Activity:
Leave out the pictures, and retype only the lines from the beginning of the material through the line that contains "Two shift patterns", including both.

START Available data

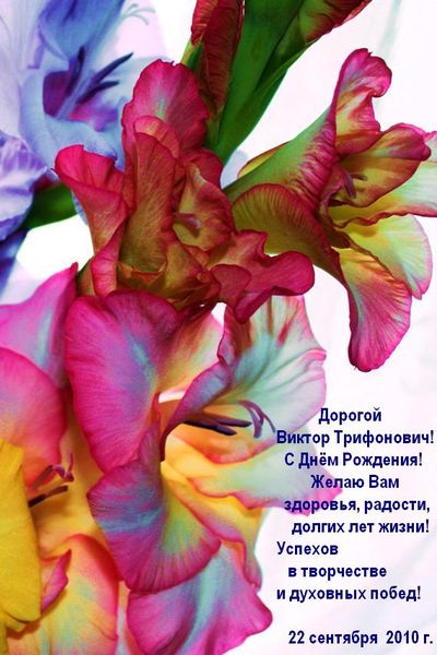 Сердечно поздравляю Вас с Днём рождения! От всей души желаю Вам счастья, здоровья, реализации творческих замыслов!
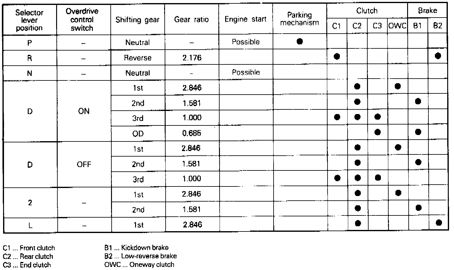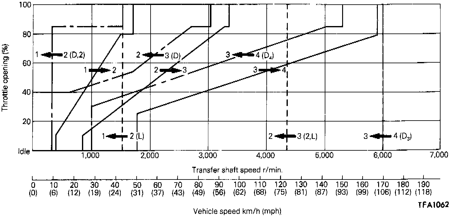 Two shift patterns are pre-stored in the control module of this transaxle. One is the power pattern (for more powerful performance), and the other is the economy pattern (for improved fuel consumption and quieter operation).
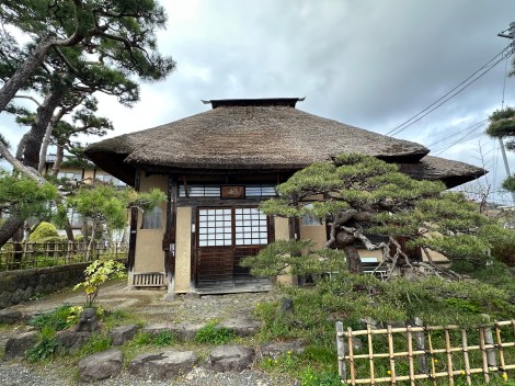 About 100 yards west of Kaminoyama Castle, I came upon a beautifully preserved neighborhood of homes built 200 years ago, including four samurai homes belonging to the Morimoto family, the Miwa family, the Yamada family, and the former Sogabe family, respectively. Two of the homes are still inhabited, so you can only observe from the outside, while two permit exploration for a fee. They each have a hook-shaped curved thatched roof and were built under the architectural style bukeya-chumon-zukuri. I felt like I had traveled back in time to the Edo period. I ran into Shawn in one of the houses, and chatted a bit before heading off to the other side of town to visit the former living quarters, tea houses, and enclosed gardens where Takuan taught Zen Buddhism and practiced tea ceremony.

END Available data

Solved exercise:
 Сердечно поздравляю Вас с Днём рождения! От всей души желаю Вам счастья, здоровья, реализации творческих замыслов!
 Two shift patterns are pre-stored in the control module of this transaxle. One is the power pattern (for more powerful performance), and the other is the economy pattern (for improved fuel consumption and quieter operation).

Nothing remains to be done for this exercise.